# Advanced Forecasting with Nixtla: Hierarchical Forecasts

Welcome to this tutorial on advanced forecasting techniques using Nixtla's tools. Nixtla provides state-of-the-art libraries for time series forecasting, including neural network-based models and hierarchical forecasting methods.

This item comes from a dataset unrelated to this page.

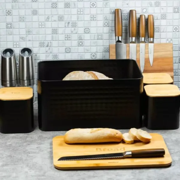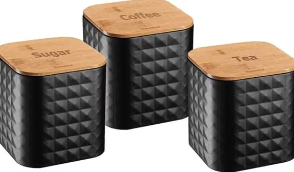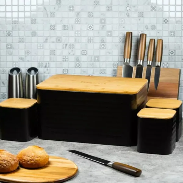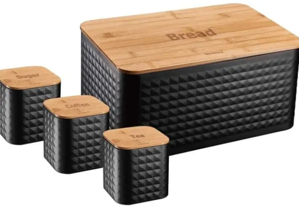 Brødkasse i stål med bambusbræt og et sæt KLAUSBERG køkkenbeholdere i sortlakeret rustfrit stål. Topdæksel lavet af bambustræ. Kan bruges som skærebræt. Designet til opbevaring af alle typer brød. Attraktivt, moderne design. Lavet af økologiske materialer. Emballage: farverigt pap. Sæt med 3 beholdere med bambus låg til opbevaring af løse produkter. Indskrifterne Sugar, Coffee, Tea er præget på omslagene. Låg udstyret med silikoneforseglinger for at sikre hermeticitet af opbevarede produkter. Farve: sort/lys træ. Mål på brødkasse: 23 x 35 x 18,5 cm (LxBxD) Beholdermål: 11,5 x 11,5 x 12,3 cm
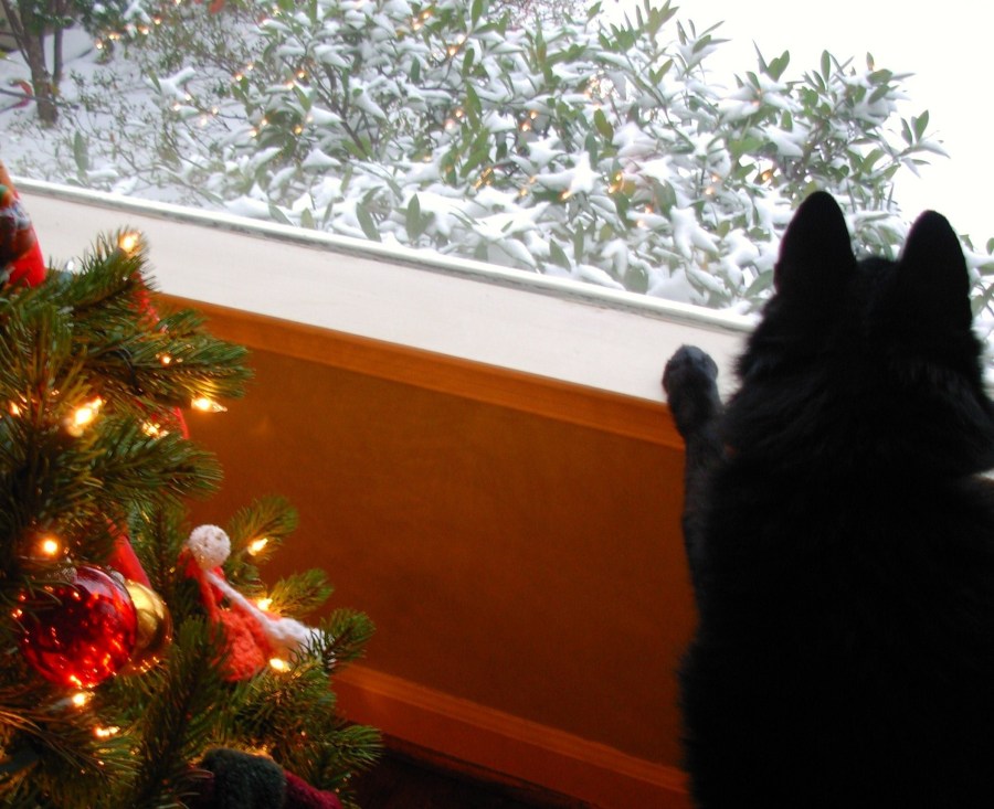 Pasha watching the snow fall at Christmas time, Alexandria, Virginia 2010

In this notebook, we will cover:
- Understand cross‑sectional hierarchical structures and coherent forecasts.
- Train base (unreconciled) forecasts with StatsForecast (AutoARIMA + Naive).
- Reconcile forecasts using BottomUp, TopDown, and MiddleOut.
- Evaluate performance by hierarchy level and compare against a benchmark.
- (Advanced) Explore MinTrace / ERM.

By the end of this tutorial, you will understand these concepts and implement them using Python.

Hierarchical forecasting deals with time series that are organized in a hierarchy (e.g., country → region → store). It ensures coherence between aggregated and disaggregated forecasts.

In [1]:
import pandas as pd
import numpy as np

# Data
from datasetsforecast.hierarchical import HierarchicalData

# Base forecasts (unreconciled)
from statsforecast.core import StatsForecast
from statsforecast.models import AutoARIMA, Naive

# Reconciliation & evaluation
from hierarchicalforecast.core import HierarchicalReconciliation
from hierarchicalforecast.methods import BottomUp, TopDown, MiddleOut
from hierarchicalforecast.evaluation import evaluate

# Metric(s)
from utilsforecast.losses import mse

  __import__("pkg_resources").declare_namespace(__name__)  # type: ignore


Using an example adapted from https://nixtlaverse.nixtla.io/hierarchicalforecast/index.html.

Load the following data:
- Y_df — long-format series (unique_id, ds, y)
- S_df — summing/aggregation matrix encoding the hierarchy
- tags — level name → list of unique_ids for that level

In [2]:
Y_df, S_df, tags = HierarchicalData.load('./data', 'TourismSmall')
Y_df['ds'] = pd.to_datetime(Y_df['ds'])
S_df = S_df.reset_index(names="unique_id")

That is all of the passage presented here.